Sand, soil & details


----------



## Jayefc1 (6 Sep 2019)

CooKieS said:


> To avoid that I use white filter floss, works great too


Yeah that does work well 


CooKieS said:


> Any vidéo of this Oliveira workshop yet?  curious to see it in action


There is a bit on aquarium gardens fb page


----------



## Jayefc1 (6 Sep 2019)

The detail work looks good mate


----------



## CooKieS (8 Sep 2019)

Tank is in place, pipes too. Needs water and plants...soon


----------



## CooKieS (13 Sep 2019)

Well, sometimes it just won't work... Yesterday After 2h30 of planting and filling the tank, the Big Wood on the right started to float!!!

I hate cig filters...

I had to rescape the right part and put some Big rocks on the Wood to keep it in place...seems to work for now

On the another hand, I'm testing the inline CO2 art and for now it works flawless, loving it





Cheers


----------



## Jayefc1 (13 Sep 2019)

I really like the co2 art inline defuser the mist is really fine i find almost invisible


----------



## Kalum (13 Sep 2019)

That rock is giving me the fear  someone let me know when it's away so I can check back in with how you're getting on


----------



## Jayefc1 (13 Sep 2019)

I know its scary lol


----------



## CooKieS (13 Sep 2019)

Kalum said:


> That rock is giving me the fear  someone let me know when it's away so I can check back in with how you're getting on



Scape hard, die young...


----------



## Kalum (13 Sep 2019)

CooKieS said:


> Scape hard, die young...



And here was me thinking you were trying to go all 'zen' on us with your mother nature title


----------



## CooKieS (13 Sep 2019)

Kalum said:


> And here was me thinking you were trying to go all 'zen' on us with your mother nature title



I should rename it 'mama' from the horror movie as this scape is giving me shivers


----------



## soggybongo (13 Sep 2019)

CooKieS said:


> Tank is in place, pipes too. Needs water and plants...soon



@CooKieS love this scape but how are you going to circulate the water at rear of tank?


----------



## CooKieS (14 Sep 2019)

soggybongo said:


> @CooKieS love this scape but how are you going to circulate the water at rear of tank?



An eheim skim 350 is hidden behind the right Wood , doing the job easily


----------



## soggybongo (14 Sep 2019)

depth of field is mint especially that rock that looks like it's behind the glass. The one on the right or is it?


----------



## CooKieS (16 Sep 2019)

soggybongo said:


> depth of field is mint especially that rock that looks like it's behind the glass. The one on the right or is it?
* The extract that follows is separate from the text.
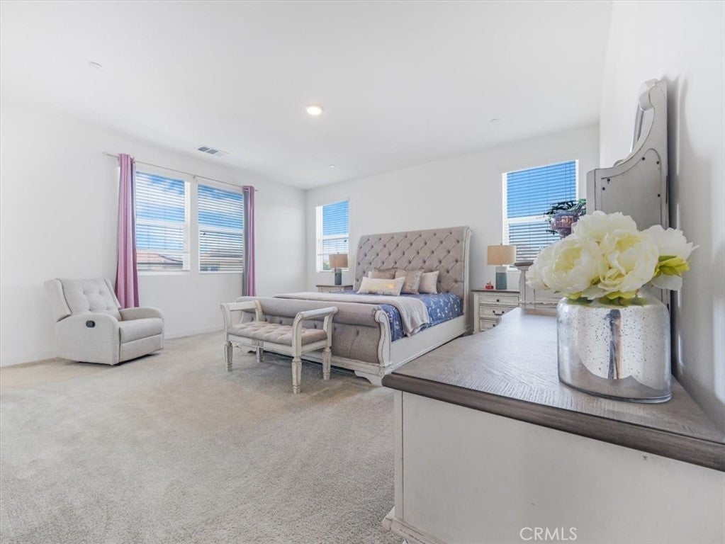 This spacious two-story residence located in the highly desirable Park Place community of Ontario Ranch, offers 4 bedrooms, 3 bathrooms, and 2,441 sq ft of well-designed living space. Paid off solar for energy efficiency. Nestled with no rear neighbors for added privacy. This home features open-concept living room, dining area, kitchen with large central island and ample cabinet spaces. Enjoy the convenience of a downstairs bedroom and bath, ideal for guests, office or multigenerational living. Upstairs, you’ll find a versatile loft space and laundry room; large primary suite includes a walk-in closet, dual sink vanity, soaking tub, and a glass-enclosed shower; two additional bedrooms and a full bath. Low-maintenance front and backyard . Resort-style HOA amenities, including a swimming pool and spa, tennis courts, fitness center, theatre room, and community clubhouse. Conveniently located near schools, markets, shopping, and dining.

Thanks, that's just an illusion; using Big Wood or stones on the foreground and very small ones one the background helps a lot. 

First WC today, H.Pinnitifida loves to be just under the lights.


----------



## CooKieS (16 Sep 2019)

Pathway view, please ignore the shadow on the small rocks in the back, it's caused by the Big rock that maintain the Wood down


----------



## 84Reasons (17 Sep 2019)

CooKieS said:


> Thanks, that's just an illusion; using Big Wood or stones on the foreground and very small ones one the background helps a lot.
> 
> First WC today, H.Pinnitifida loves to be just under the lights.



Love this plant, just added it to my new scape, first time growing!
However, I'm a little confused and wondering if you would know: This plant is listed as a stem plant that can grow 30-40cm, but I've only ever seen people grow it on hardscape? (i followed suit)

I wonder if this is the correct way to grow it and maybe the information on tropica's site is just limited?


----------



## alto (17 Sep 2019)

Oliver Knott ~ Tropica in 2010 at Kolle Zoo

https://tropica.com/en/inspiration/layout/Layout23/4932


George Farmer and Jurijs Jutjajevs ~ Tropica Interzoo 2018

https://tropica.com/en/inspiration/layout/Layout109/21227


----------



## CooKieS (17 Sep 2019)

84Reasons said:


> Love this plant, just added it to my new scape, first time growing!
> However, I'm a little confused and wondering if you would know: This plant is listed as a stem plant that can grow 30-40cm, but I've only ever seen people grow it on hardscape? (i followed suit)
> 
> I wonder if this is the correct way to grow it and maybe the information on tropica's site is just limited?



Hi, Don't worry, this plant is quite unique and you can grow it the way you want too; plant it and it will look like bushy palm tree, attach it on the hardscape like an epiphyte and it will look like an fern.

My 2 cents advice ; if you want compact growth with small red leaves, trim it very often, like once every two weeks, you Don't need scissors to do that, just pinch the old big leaves and the new one with your fingers to encourage compact new growth. It's quite invasive once acclimated so be prepared to do that often.


----------



## 84Reasons (17 Sep 2019)

CooKieS said:


> Hi, Don't worry, this plant is quite unique and you can grow it the way you want too; plant it and it will look like bushy palm tree, attach it on the hardscape like an epiphyte and it will look like an fern.
> 
> My 2 cents advice ; if you want compact growth with small red leaves, trim it very often, like once every two weeks, you Don't need scissors to do that, just pinch the old big leaves and the new one with your fingers to encourage compact new growth. It's quite invasive once acclimated so be prepared to do that often.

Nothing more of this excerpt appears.